> SOURCE MATERIAL:
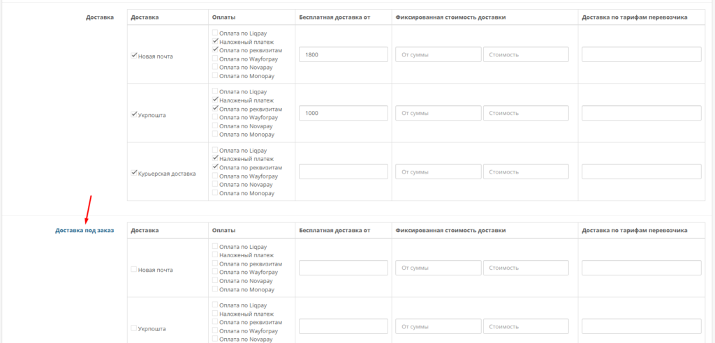 Настройка доставки и оплаты для товаров под заказ #
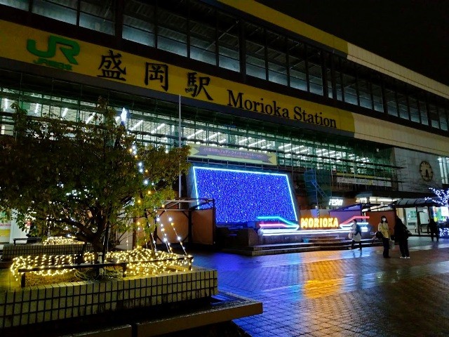 盛岡駅に着いて盛岡つなぎ温泉行きのバスの時刻を確認しました。盛岡駅前はイルミネーションでとてもきれいでした。雪が降り始めていました。盛岡駅で夕食を済ませ、駅前のバス乗り場から岩手県交通の盛岡つなぎ温泉行きのバスに乗りました。この頃にはもう雪がシンシンと降っています。
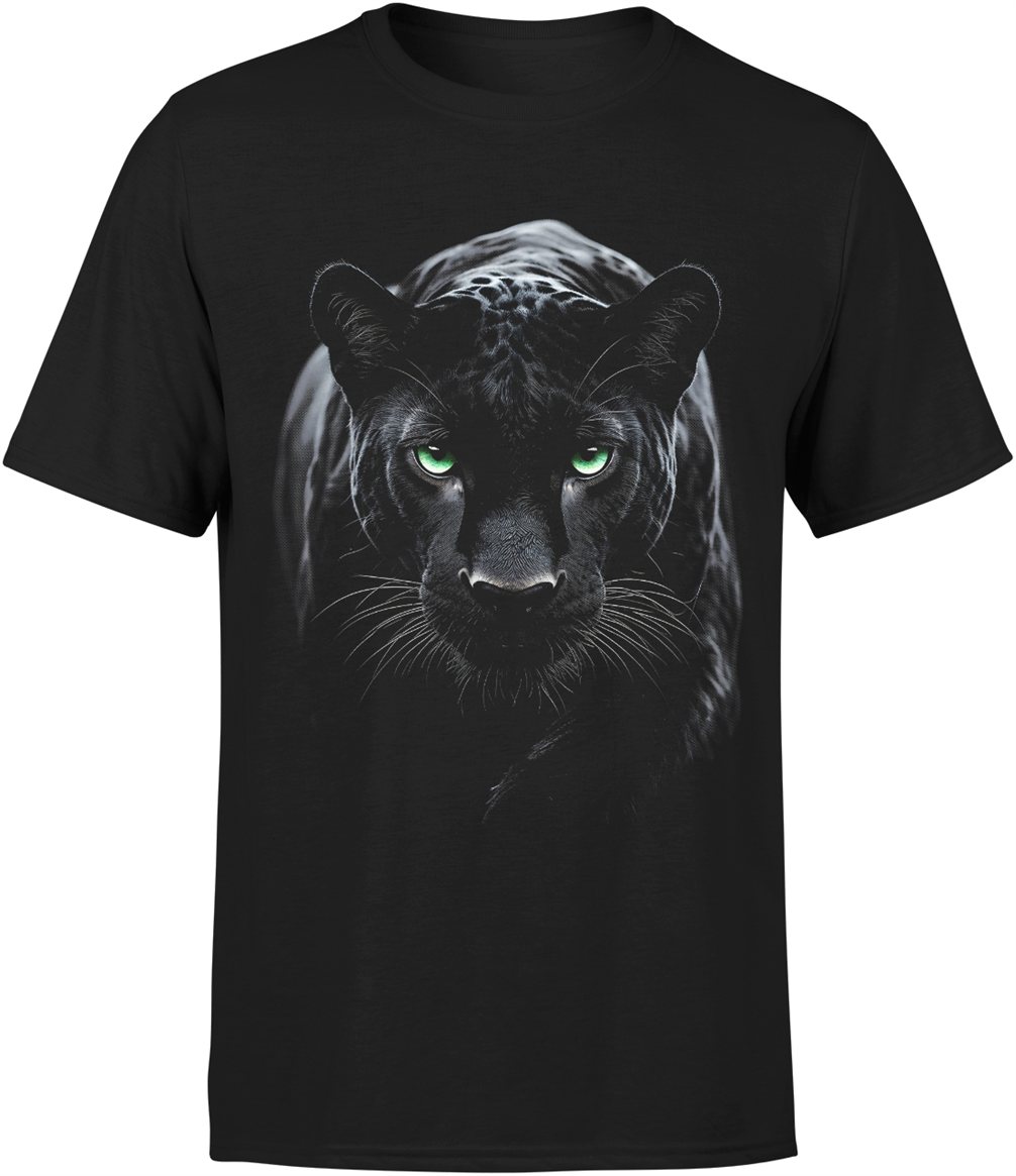 Czarna pantera zielone oczy dzikie zwierzę drapieżnik natura lew kot Męska koszulka

> WHAT TO WORK ON:
Without the pictures, transcribe exactly the lines above from the one containing "盛岡駅に着いて盛岡つなぎ温泉" through the last.

> YOUR SOLUTION:
 盛岡駅に着いて盛岡つなぎ温泉行きのバスの時刻を確認しました。盛岡駅前はイルミネーションでとてもきれいでした。雪が降り始めていました。盛岡駅で夕食を済ませ、駅前のバス乗り場から岩手県交通の盛岡つなぎ温泉行きのバスに乗りました。この頃にはもう雪がシンシンと降っています。
 Czarna pantera zielone oczy dzikie zwierzę drapieżnik natura lew kot Męska koszulka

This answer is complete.